Custodial digital wallets and non-custodial digital wallets are two types of digital wallets that are used to store, manage, and transact digital assets such as Bitcoin, Ethereum, and NFTs. Both types of digital wallets have their own set of features and benefits, and they differ in terms of how they store and manage the user's digital assets.

A custodial digital wallet is a type of digital wallet that is managed and controlled by a third party, such as a cryptocurrency exchange or a financial institution. In a custodial digital wallet, the user does not have complete control over their digital assets. Instead, the third party holds the private keys to the user's digital assets, and the user can only access their assets through the third party's platform.

One of the main benefits of using a custodial digital wallet is that it is generally considered to be more secure than a non-custodial digital wallet. This is because the third-party is responsible for securing the user's digital assets and ensuring that they are safe from hackers and other types of cyber attacks. Additionally, custodial digital wallets will more often than not offer additional security measures, such as two-factor authentication and biometric authentication, to further protect the user's assets.
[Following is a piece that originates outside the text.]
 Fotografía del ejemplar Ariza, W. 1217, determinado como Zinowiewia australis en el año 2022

However, there are also some clear downsides to using a custodial digital wallet. One of the main drawbacks is that the user does not have complete control over their digital assets. This means that they cannot access their assets if the third party's platform goes down, if the third party goes bankrupt or if the third party experiences any other issues. Additionally, the user may have to pay fees to the third party for managing and storing their digital assets.
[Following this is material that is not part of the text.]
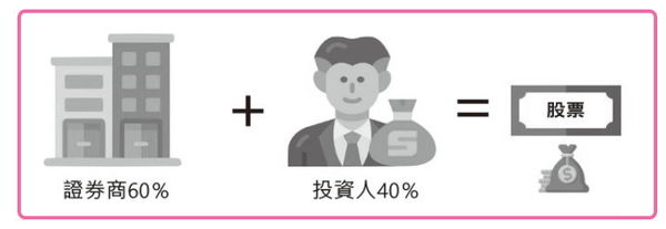 舉例來說,若融資成數是6成,當投資人融資買進股票時,證券商會借給投資人6成的現金,如:

On the other hand, a non-custodial digital wallet is a type of digital wallet that is completely controlled by the user. In a non-custodial digital wallet, the user holds their own private keys and has complete control over their digital assets. This means that the user can access their assets at any time and can make transactions without the need for a third party.

One of the main benefits of using a non-custodial digital wallet is that the user has complete control over their digital assets. This can give them a greater sense of security and peace of mind, as they do not have to worry about their assets being held by a third party that could go bankrupt, be hacked, etc. Additionally, non-custodial digital wallets often have lower fees than custodial digital wallets, as the user does not have to pay fees to a third party for managing and storing their assets.

However, there are also some drawbacks to using a non-custodial digital wallet. One of the main drawbacks is that they can be less secure than custodial digital wallets, as the user is responsible for securing their own private keys and protecting their assets from cyber attacks. Additionally, non-custodial digital wallets may not offer the same level of security measures as custodial digital wallets, such as two-factor authentication and biometric authentication. Many of the most commonly used non-custodial wallets, such as MetaMask and Trust Wallet, do offer quality security measures, but many others do not.

If you've heard the phrase, "Not your keys, not your crypto," this is what is being referred to - the type of wallet you are using and whether it's custodial (operated by a major CEX or similar) or non-custodial (operated by the user through Trust/Metamask/etc.).

In summary, custodial digital wallets and non-custodial digital wallets are two types of digital wallets that are used to store and manage digital currencies. Custodial digital wallets are managed and controlled by a third party, while non-custodial digital wallets are completely controlled by the user. Both types of digital wallets have their own set of benefits and drawbacks, and the best choice for a particular individual will depend on their specific needs and preferences.